Manchmal passiert einfach nichts, was mich so beschäftigt, dass ein Editorial draus wird (dann schreibt man meistens übers Wetter, das ist immer) – doch manchmal sind es soviele Themen, die mir unter den Nägeln brennen, dass es schwer ist, mich zu entscheiden.
So in den letzten beiden Wochen – gut, es waren nur 2 Themen, die mich – und viele andere – besonders bewegen. Allerdings setzen viele hier ganz andere Schwerpunkte. In der ersten Oktoberwoche beherrschte ein Thema die Online-Gemeinde: das neue Tierschutzgesetz, das sehr viele Verbesserungen, aber auch einige fragwürdige Punkte enthielt. Tausende gingen auf die Strassen, sehr erstaunlich in einem Land, das angeblich kein Herz für Tiere haben soll. Das geplante Gesetz, das es nicht einmal in eine offizielle Verlesung im Parlament geschafft hat, rief erstaunlicher- oder erschreckenderweise sehr viel mehr Empörung hervor als das unsägliche Abtreibungs- und Kaiserschnittverbot, das mit sehr heisser Nadel gestrickt worden war und glücklicherweise nur sehr stark modifiziert verabschiedet wurde.

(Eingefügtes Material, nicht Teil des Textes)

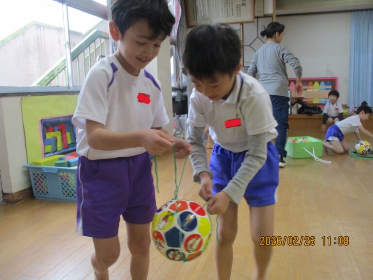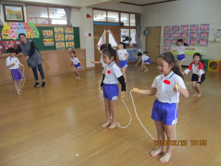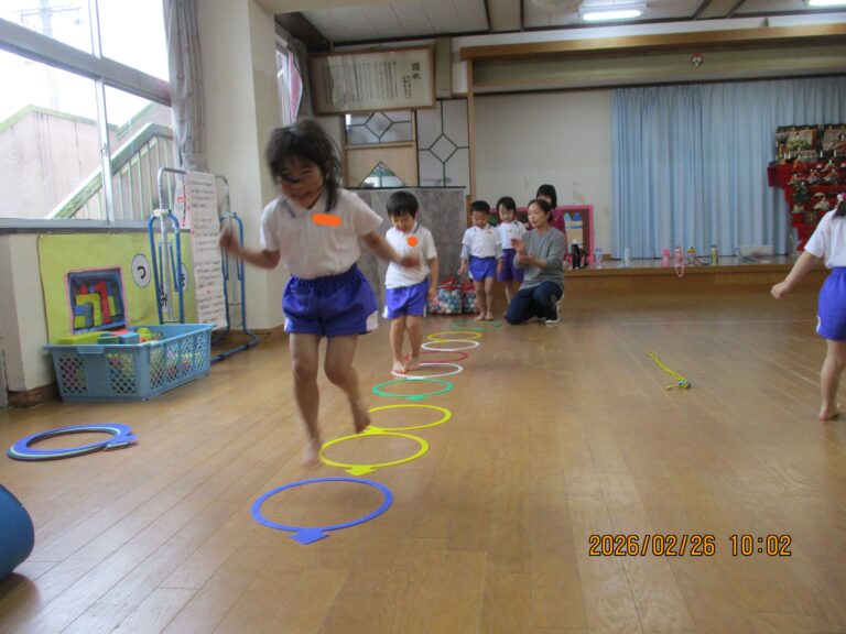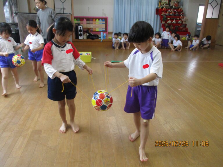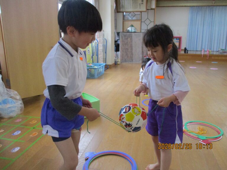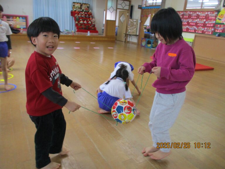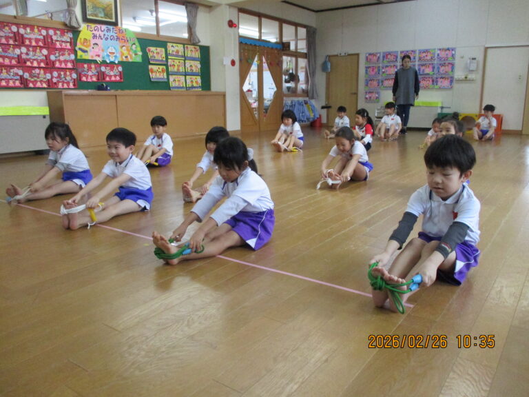 今日は令和7年度最後の体操教室でした。年中さんは、準備運動をした後、縄跳びをしました。縄跳びと言っても縄跳びができるようになる前の準備の動きから始めました。その後は、ゴムと毛糸を使ってのボール運びをしました。これはひもを引っ張る力の加減と相手との呼吸を合わせないとボールをうまく運べないので、かなり集中していましたよ。

Wie auch immer, der Entwurf wurde postwendend an die Kommission zurück verwiesen, was im parlamentarischen Alltag oft auch „Ablage Rundordner“ bedeuten kann.
Und dann schlug – zum wiederholten Male – eine syrische Granate auf türkischem Boden ein, tötete eine Mutter und ihre 4 Kinder… und zumindest für mich traten andere, weit wichtigere Ereignisse in den Vordergrund. Es ist für Deutsche relativ, sagen wir mal, ungewohnt, dass die Gefahr eines Krieges nicht irgendwo weit hinten in Absurdistan und in den Abendnachrichten, sondern gar nicht mal so weit entfernt für türkische Maßstäbe – „nur“ 1400 km von Alanya, plötzlich real wird.
Wie man hört, ist ein Großteil der Türken nicht etwa in Hurra-Patriotismus verfallen, sondern ist gegen einen Krieg mit Syrien. Er beherrscht die Medien, die Zeitungen, auch viele Blogs, Foren und nicht zuletzt Facebook.
Was Syrien mit den Tierschutzaktivisten zu tun hat? Sie haben recht: gar nichts. Sie trommeln weiter gegen ein Gesetz, das in der Form, die zu den Protesten geführt hatte, ohnehin schon längst nicht mehr das Papier wert ist, auf dem es geschrieben stand. Und das aufgrund der politischen Großwetterlage nun ganz sicher erst mal ganz unten im Stapel „Dringend zu erledigen“ gelandet ist. Zumindest scheint bei ihnen der drohende Krieg, der Tod unschuldiger Menschen (die sich genauso wenig wehren konnten wie die Tiere) nicht stattzufinden. Sicher, Tierschutz ist wichtig. Aber so richtig angemessen scheinen mir die Maßstäbe nicht zu sein, denn wenn es wirklich zu einem Krieg gegen Syrien kommen sollte, der das Land wieder in ein wirtschaftliches Chaos stürzen könnte – dann werden die zaghaften Verbesserungen der Bedingungen für die Tiere in der Türkei auch hinüber sein – denn den Tieren kann es nur gut gehen, wenn die Menschen in einem Land keine Not leiden.